**Description of the task**. Gather, from the listing beneath this task, every line holding the string "ensemble".

Exercise data Start Marker

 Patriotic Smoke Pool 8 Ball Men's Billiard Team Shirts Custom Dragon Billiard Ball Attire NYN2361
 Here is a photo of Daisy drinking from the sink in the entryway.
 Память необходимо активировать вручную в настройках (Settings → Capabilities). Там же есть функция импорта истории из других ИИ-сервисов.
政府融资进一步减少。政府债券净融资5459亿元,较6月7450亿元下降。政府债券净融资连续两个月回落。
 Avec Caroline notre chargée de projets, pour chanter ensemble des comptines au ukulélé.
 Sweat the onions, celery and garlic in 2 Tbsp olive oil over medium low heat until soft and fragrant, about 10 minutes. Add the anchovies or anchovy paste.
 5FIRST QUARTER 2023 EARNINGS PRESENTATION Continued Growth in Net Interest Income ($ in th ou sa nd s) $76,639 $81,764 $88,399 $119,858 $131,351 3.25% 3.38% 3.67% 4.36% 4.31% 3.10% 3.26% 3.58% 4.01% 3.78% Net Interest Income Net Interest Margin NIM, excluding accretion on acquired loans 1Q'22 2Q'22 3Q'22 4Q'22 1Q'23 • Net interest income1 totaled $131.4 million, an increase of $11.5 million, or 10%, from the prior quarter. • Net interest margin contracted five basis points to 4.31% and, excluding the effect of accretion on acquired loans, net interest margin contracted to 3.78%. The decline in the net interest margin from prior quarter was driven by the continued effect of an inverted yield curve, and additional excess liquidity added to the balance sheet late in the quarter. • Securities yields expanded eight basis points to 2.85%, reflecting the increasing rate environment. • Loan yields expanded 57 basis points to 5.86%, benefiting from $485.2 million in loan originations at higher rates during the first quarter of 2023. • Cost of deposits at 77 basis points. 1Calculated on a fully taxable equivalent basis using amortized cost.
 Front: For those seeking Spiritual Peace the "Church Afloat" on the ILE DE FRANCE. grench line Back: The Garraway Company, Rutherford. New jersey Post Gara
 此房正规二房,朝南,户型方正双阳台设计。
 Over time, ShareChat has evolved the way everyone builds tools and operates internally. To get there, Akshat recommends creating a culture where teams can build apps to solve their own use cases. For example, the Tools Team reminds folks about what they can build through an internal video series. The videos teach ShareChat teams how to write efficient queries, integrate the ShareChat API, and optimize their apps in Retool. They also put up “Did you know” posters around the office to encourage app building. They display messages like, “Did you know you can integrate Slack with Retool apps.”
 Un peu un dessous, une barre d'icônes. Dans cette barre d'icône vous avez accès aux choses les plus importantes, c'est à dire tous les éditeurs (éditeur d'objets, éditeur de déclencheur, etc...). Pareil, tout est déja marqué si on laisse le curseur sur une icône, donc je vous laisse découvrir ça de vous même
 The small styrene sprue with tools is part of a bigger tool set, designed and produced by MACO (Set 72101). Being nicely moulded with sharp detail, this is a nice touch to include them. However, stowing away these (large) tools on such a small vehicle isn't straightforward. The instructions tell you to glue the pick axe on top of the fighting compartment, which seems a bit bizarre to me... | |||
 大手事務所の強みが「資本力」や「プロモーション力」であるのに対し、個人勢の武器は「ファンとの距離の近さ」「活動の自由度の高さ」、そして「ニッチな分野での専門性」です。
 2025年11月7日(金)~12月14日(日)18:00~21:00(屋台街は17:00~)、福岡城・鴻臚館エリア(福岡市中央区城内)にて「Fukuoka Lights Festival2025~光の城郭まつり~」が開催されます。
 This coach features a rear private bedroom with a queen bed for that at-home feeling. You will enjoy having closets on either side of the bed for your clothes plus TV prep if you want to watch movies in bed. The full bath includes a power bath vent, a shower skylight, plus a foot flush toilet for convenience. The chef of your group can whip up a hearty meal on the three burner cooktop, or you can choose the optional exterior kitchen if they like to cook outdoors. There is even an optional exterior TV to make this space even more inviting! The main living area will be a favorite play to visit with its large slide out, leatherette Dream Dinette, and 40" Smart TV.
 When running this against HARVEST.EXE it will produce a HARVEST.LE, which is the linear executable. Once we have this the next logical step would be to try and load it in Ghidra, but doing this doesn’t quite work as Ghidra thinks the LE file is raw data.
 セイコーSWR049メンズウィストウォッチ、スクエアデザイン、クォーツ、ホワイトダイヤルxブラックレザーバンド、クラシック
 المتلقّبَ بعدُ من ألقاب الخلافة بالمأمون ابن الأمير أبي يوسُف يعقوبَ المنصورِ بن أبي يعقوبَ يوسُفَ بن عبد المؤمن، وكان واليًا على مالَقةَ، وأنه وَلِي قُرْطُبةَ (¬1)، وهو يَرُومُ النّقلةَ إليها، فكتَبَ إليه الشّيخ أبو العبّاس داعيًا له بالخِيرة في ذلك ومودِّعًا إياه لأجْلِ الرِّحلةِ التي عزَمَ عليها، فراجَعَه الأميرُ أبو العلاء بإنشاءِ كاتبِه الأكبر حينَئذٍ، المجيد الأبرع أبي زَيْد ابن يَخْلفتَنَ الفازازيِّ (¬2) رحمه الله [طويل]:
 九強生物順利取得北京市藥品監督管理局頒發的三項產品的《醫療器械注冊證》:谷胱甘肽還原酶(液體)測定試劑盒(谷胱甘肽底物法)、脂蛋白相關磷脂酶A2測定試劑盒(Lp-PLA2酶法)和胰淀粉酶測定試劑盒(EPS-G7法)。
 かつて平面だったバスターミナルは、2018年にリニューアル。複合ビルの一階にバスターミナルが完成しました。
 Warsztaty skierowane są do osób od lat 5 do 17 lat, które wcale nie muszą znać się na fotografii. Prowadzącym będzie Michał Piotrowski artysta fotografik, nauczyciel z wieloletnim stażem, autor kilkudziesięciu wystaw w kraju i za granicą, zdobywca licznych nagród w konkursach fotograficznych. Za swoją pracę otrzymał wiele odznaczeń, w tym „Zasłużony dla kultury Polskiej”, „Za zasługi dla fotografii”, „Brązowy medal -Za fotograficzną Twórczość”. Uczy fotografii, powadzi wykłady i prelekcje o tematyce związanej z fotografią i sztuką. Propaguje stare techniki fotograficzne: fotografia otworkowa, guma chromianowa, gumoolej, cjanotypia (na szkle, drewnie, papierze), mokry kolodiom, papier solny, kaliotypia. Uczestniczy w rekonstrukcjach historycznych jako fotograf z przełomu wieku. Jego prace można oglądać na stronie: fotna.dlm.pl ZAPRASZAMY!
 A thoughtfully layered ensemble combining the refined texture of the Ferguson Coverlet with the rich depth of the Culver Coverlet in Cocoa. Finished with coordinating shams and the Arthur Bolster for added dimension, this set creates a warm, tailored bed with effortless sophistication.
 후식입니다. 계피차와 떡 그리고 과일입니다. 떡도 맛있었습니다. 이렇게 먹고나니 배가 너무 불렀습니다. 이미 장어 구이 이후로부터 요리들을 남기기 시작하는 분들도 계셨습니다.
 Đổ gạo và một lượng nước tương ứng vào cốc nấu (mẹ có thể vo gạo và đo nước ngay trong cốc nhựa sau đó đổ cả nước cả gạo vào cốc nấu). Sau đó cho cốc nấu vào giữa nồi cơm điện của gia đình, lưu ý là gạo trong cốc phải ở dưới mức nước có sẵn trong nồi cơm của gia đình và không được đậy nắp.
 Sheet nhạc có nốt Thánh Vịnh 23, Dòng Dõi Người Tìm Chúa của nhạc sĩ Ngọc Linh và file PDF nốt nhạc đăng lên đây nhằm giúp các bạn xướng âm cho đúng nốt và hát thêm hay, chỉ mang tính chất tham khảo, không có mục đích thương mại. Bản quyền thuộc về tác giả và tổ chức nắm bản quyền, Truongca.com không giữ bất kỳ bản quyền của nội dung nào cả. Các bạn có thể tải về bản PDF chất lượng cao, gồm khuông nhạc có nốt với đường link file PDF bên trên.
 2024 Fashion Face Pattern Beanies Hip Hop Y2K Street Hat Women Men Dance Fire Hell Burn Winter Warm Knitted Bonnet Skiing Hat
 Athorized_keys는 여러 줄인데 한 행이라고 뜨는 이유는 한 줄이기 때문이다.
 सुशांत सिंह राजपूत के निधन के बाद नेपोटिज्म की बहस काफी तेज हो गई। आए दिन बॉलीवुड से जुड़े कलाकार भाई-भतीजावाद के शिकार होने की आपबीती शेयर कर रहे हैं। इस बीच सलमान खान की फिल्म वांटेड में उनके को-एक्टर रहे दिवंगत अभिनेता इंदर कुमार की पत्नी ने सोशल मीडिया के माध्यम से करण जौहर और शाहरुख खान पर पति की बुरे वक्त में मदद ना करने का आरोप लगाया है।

Exercise data End Marker

**Answer box**.
 Avec Caroline notre chargée de projets, pour chanter ensemble des comptines au ukulélé.
 A thoughtfully layered ensemble combining the refined texture of the Ferguson Coverlet with the rich depth of the Culver Coverlet in Cocoa. Finished with coordinating shams and the Arthur Bolster for added dimension, this set creates a warm, tailored bed with effortless sophistication.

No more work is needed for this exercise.